**Required action:** Below this sentence is a listing; return exactly its lines from the one with "위와 같은 확률이 있을" to the one with "Ito ay may layuning", both kept, and nothing more.

**Extracted records:**
________________________________________
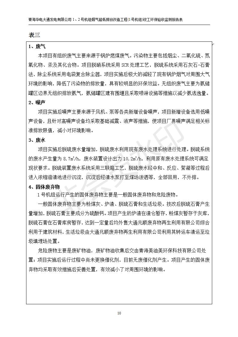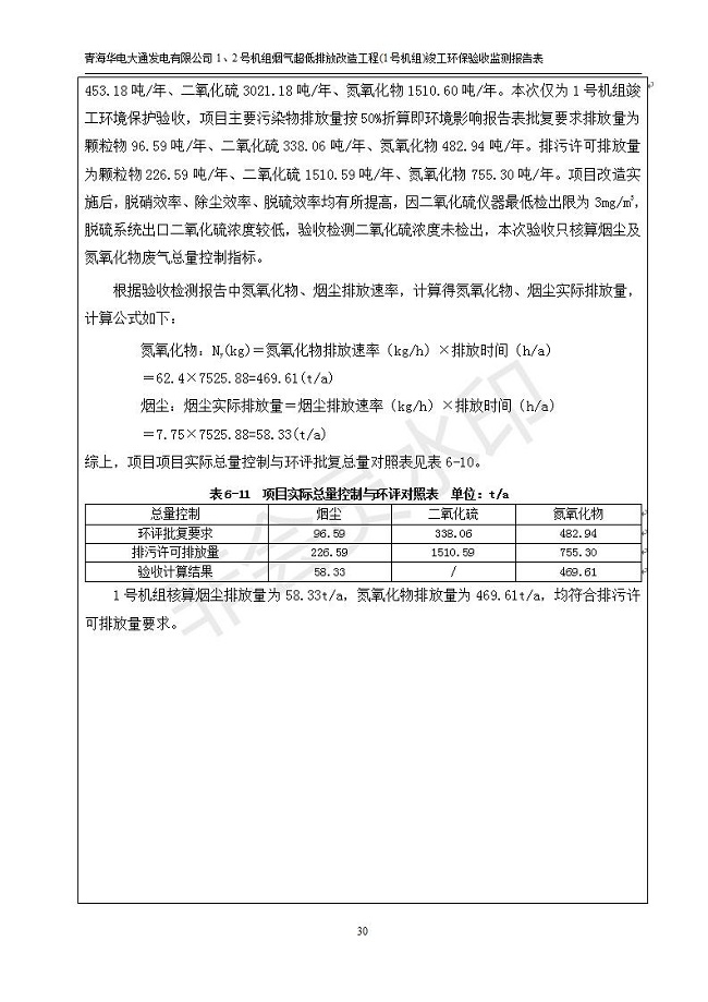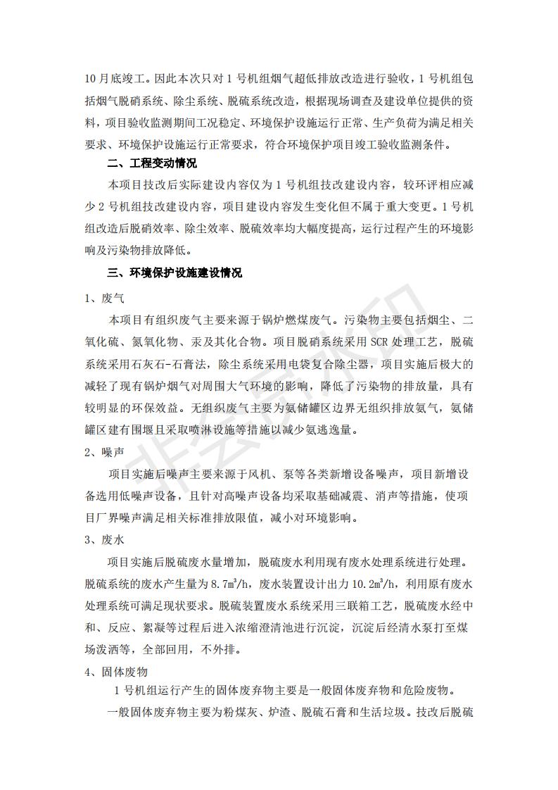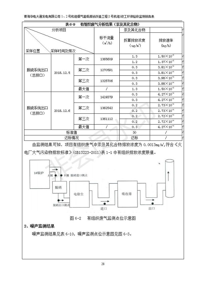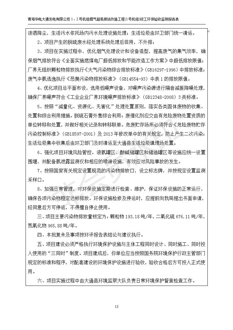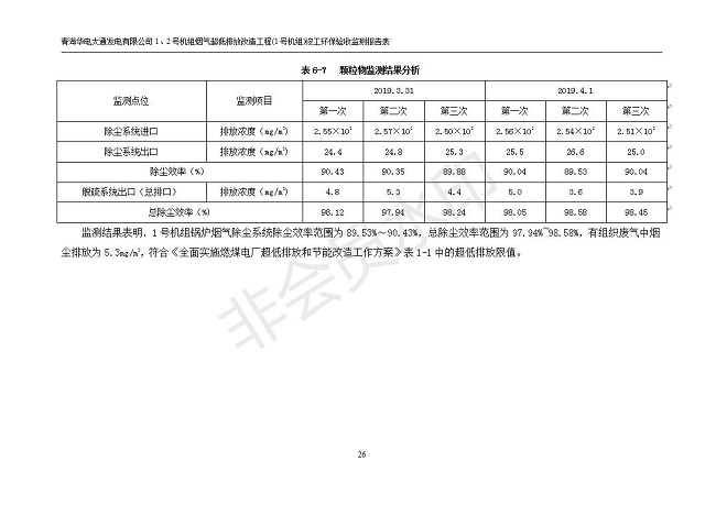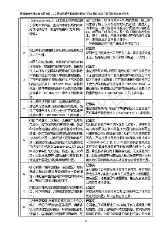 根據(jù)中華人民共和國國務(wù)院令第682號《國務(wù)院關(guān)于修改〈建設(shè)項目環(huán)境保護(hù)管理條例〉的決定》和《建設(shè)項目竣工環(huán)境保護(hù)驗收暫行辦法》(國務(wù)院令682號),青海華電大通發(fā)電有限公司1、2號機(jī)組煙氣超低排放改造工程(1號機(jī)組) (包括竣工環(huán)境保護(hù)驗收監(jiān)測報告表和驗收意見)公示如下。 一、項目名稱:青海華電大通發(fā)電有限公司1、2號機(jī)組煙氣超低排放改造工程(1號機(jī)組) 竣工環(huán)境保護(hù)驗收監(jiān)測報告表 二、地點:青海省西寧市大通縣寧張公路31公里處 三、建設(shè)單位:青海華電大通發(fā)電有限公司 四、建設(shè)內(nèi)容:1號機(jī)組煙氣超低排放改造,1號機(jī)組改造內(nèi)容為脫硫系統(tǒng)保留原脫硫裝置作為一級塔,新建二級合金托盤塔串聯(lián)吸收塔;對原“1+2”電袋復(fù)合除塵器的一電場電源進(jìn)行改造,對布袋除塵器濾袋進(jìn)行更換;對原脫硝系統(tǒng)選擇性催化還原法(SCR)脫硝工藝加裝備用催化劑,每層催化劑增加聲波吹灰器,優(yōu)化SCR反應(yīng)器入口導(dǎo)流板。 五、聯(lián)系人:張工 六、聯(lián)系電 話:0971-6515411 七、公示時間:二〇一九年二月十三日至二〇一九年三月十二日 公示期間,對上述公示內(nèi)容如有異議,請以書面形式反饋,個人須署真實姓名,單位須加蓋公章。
________________________________________
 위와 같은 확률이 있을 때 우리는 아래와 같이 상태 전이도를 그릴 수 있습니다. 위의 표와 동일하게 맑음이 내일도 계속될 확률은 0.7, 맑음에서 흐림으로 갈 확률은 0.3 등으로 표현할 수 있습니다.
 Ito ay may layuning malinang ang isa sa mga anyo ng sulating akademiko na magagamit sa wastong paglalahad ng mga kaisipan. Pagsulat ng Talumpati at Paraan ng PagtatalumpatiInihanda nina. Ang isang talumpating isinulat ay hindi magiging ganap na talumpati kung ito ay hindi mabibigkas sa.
________________________________________
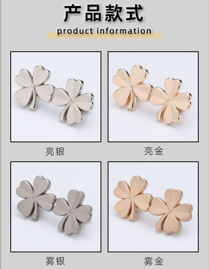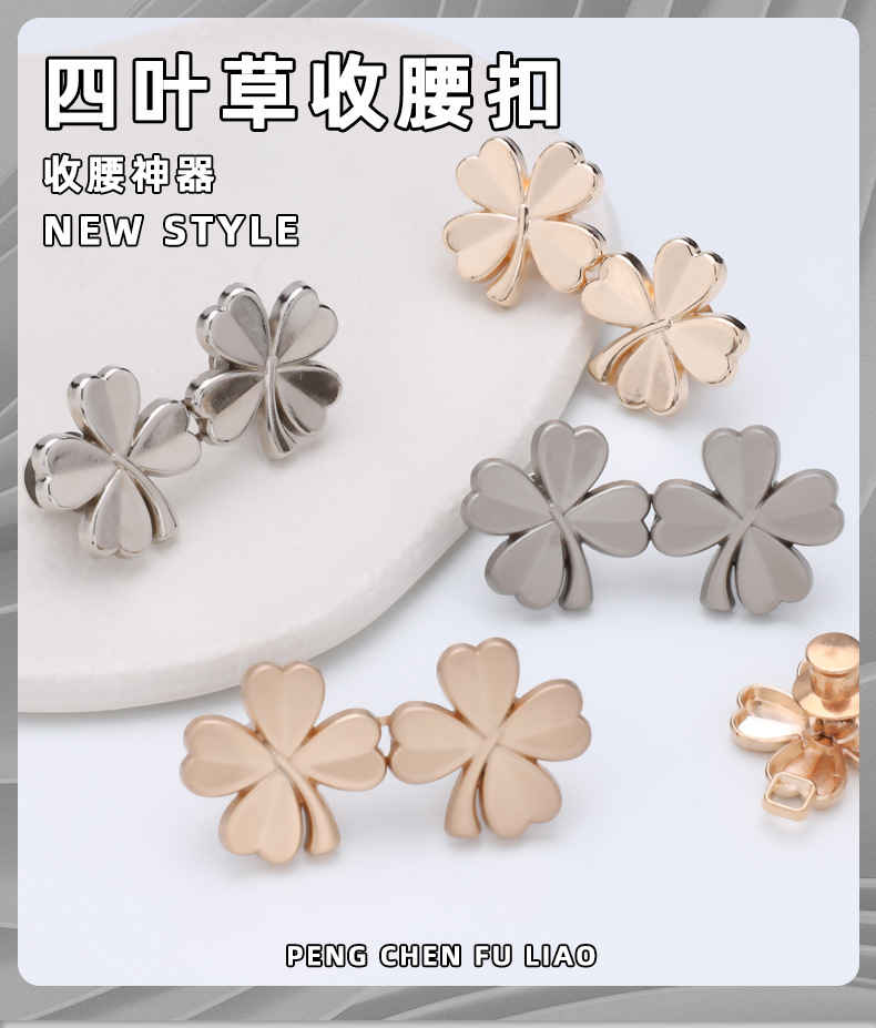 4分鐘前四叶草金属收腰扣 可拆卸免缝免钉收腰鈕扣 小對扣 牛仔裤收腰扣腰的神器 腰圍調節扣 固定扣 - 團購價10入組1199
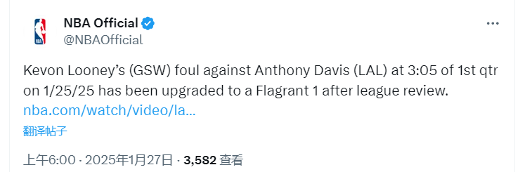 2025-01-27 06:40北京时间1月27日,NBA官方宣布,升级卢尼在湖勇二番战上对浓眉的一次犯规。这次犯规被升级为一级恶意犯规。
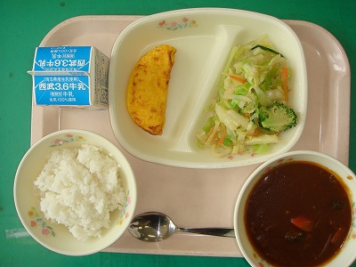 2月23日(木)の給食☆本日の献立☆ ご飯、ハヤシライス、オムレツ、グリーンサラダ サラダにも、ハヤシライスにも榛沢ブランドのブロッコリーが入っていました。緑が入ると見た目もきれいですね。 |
________________________________________
**Response to the exercise:**
 위와 같은 확률이 있을 때 우리는 아래와 같이 상태 전이도를 그릴 수 있습니다. 위의 표와 동일하게 맑음이 내일도 계속될 확률은 0.7, 맑음에서 흐림으로 갈 확률은 0.3 등으로 표현할 수 있습니다.
 Ito ay may layuning malinang ang isa sa mga anyo ng sulating akademiko na magagamit sa wastong paglalahad ng mga kaisipan. Pagsulat ng Talumpati at Paraan ng PagtatalumpatiInihanda nina. Ang isang talumpating isinulat ay hindi magiging ganap na talumpati kung ito ay hindi mabibigkas sa.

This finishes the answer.